Starting point is 00:10:18 It's what's made you successful in this business. The first thing is pattern recognition. If you start recognizing patterns, fear disappears. Because like right now, people say, oh, we've never been so divided. Or now we're, you know, the country has a little more optimism, but we've never been so divided. It's a total BS. I can show you the letters that are put out that were posted between Jefferson and Adams.
Starting point is 00:10:38 And if you read what they wrote, it makes anything the left or right has said about each other look calm, compared to that. So it's like we go in cycles. So when you recognize a pattern, you no longer react. It's like losers react, leaders anticipate. Anticipation is power. So when you know the pattern, and that's what makes anybody great, they see the pattern. But what makes them really great is the second skill when you learn to use the patterns. So if you and I look at anybody, you see somebody that's great in investing. I've invested in interviewed 50 of the very, more than 50, the very best in the world, the Ray Dalaius, the Carl Eichens, the Warren Buffett's, all the best in private equity.
Starting point is 00:11:12 And what you begin to see is there are certain patterns, even though they go about it differently, that are universal. If you sow the same seeds, you reap the same rewards. But they know how to use it. If you see somebody great in music or dance or a movie maker, they know where to move the camera, to move your emotion, they bring it in close, when to bring the music up, how to do it. They know it. That makes them masterful. But the third level skill is pattern creation. That's what you've begun to do.
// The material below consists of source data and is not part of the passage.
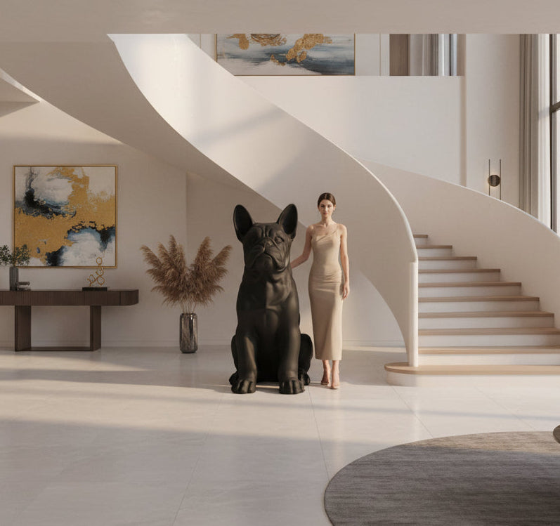 With its realistic proportions, compact body and seated posture, it feels like a monumental design piece inspired by a bulldog, perfectly suited for modern interiors, villas and high-end hospitality projects.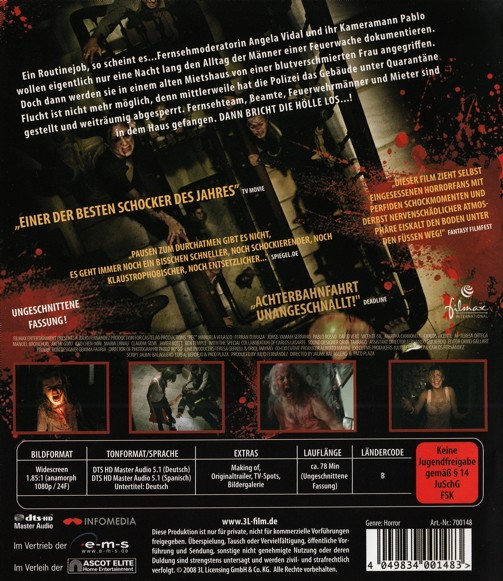Ein Routinejob, so scheint es.... Fernsehmoderatorin Angela Vidal und ihr Kameramann Pablo wollen eigentlich nur eine Nacht lang den Alltag der Männer einer Feuerwache dokumentieren. Doch dann werden sie dort von einer blutverschmierten Frau angegriffen. Flucht ist nicht mehr möglich, denn mittlerweile hat die Polizei das Gebäude unter Quarantäne gestellt und weiträumig abgesperrt. Fernsehteam, Beamte, Feuerwehrmänner und Mieter sind gefangen in dem Haus. Dann bricht die Hölle los...!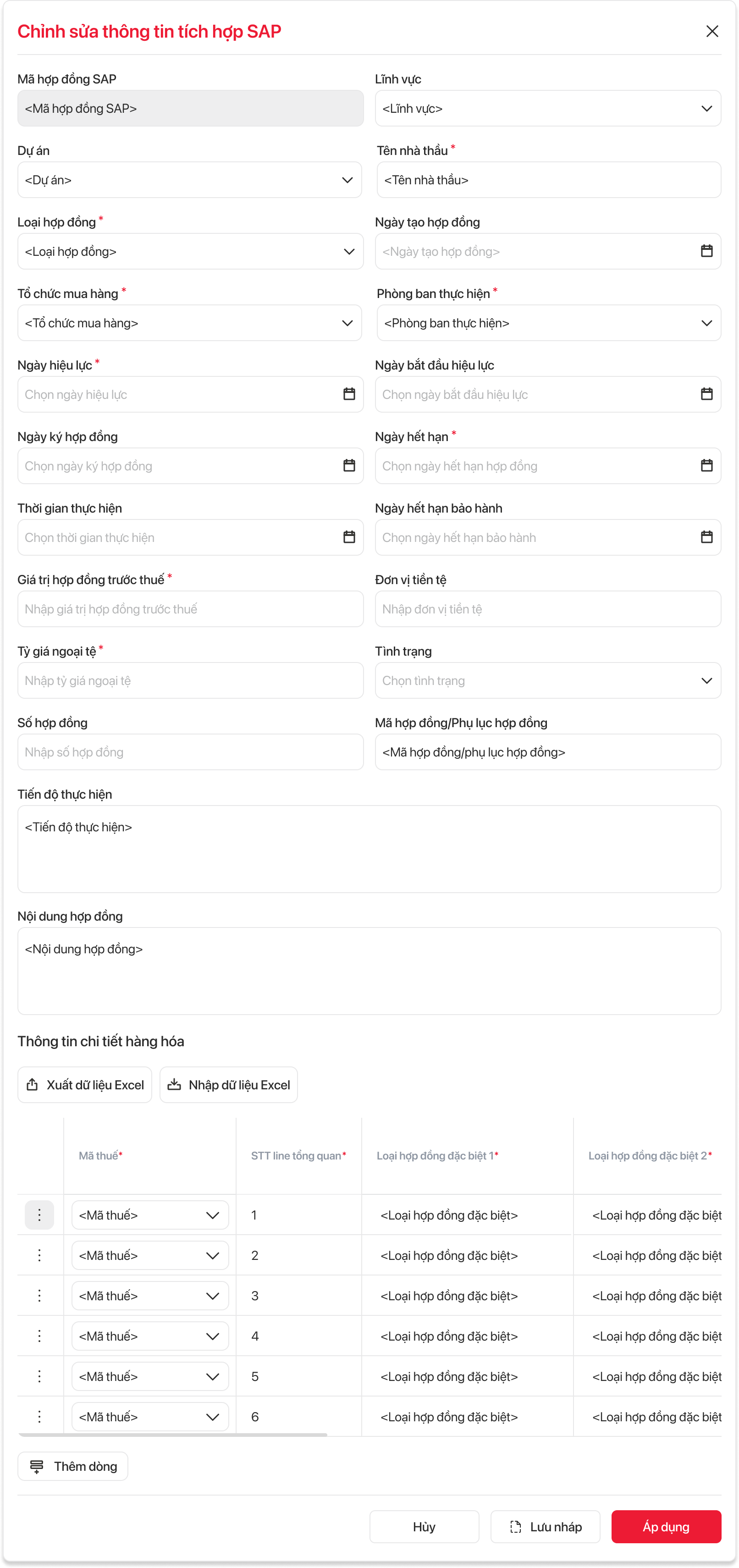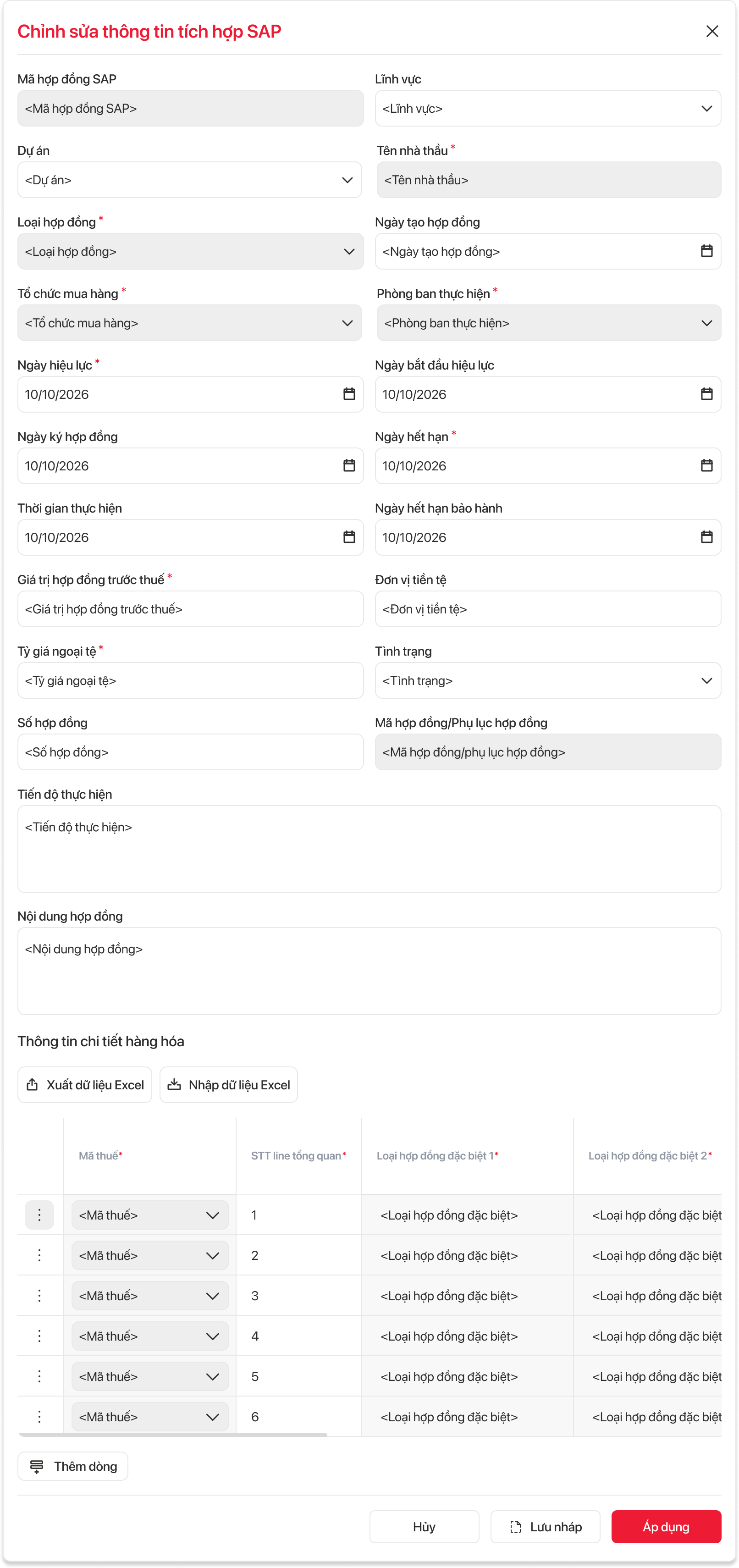 → Hệ thống cho phép người dùng chỉnh sửa thông tin hợp đồng và thực hiện đồng bộ cập nhật lên SAP các trường như bên dưới.

Starting point is 00:11:37 That's what I've begun to do. It's like when you learn to play a piano, most people learn someone else's patterns. You learn to see the patterns, recognize them, then you learn to use them. But if you do enough other music, then now you get to come out and you start creating things. So I'm standing on the shoulders of all the people before me, as are you, because I learned so many things to them. But now at this stage of my life, the last 15, 20 years, I've been able to create things because I know what those patterns are. So those skill sets, that's how my kids will do well. Because if you can learn rapidly, recognize patterns, there's nothing you can't do well at.
Starting point is 00:12:09 And that's really, and by the way, noting the patterns of where we are in history, the pattern of where you are in your own life, I'll give you a simple example. What made human beings go from survival, living in fear, where we're hunter gatherers, to where we could stay in one place, build communities, build cities, build countries, have homes, have the education. What made that possible was one pattern recognition that changed humanity? Seasons. Seasons. Until we understood seasons, we had to constantly move from place to place and hope you could find our food. But once we understood seasons, we knew if you do the right thing at the wrong time, there is zero reward. But if you do the right thing at the right time, the rewards are immense.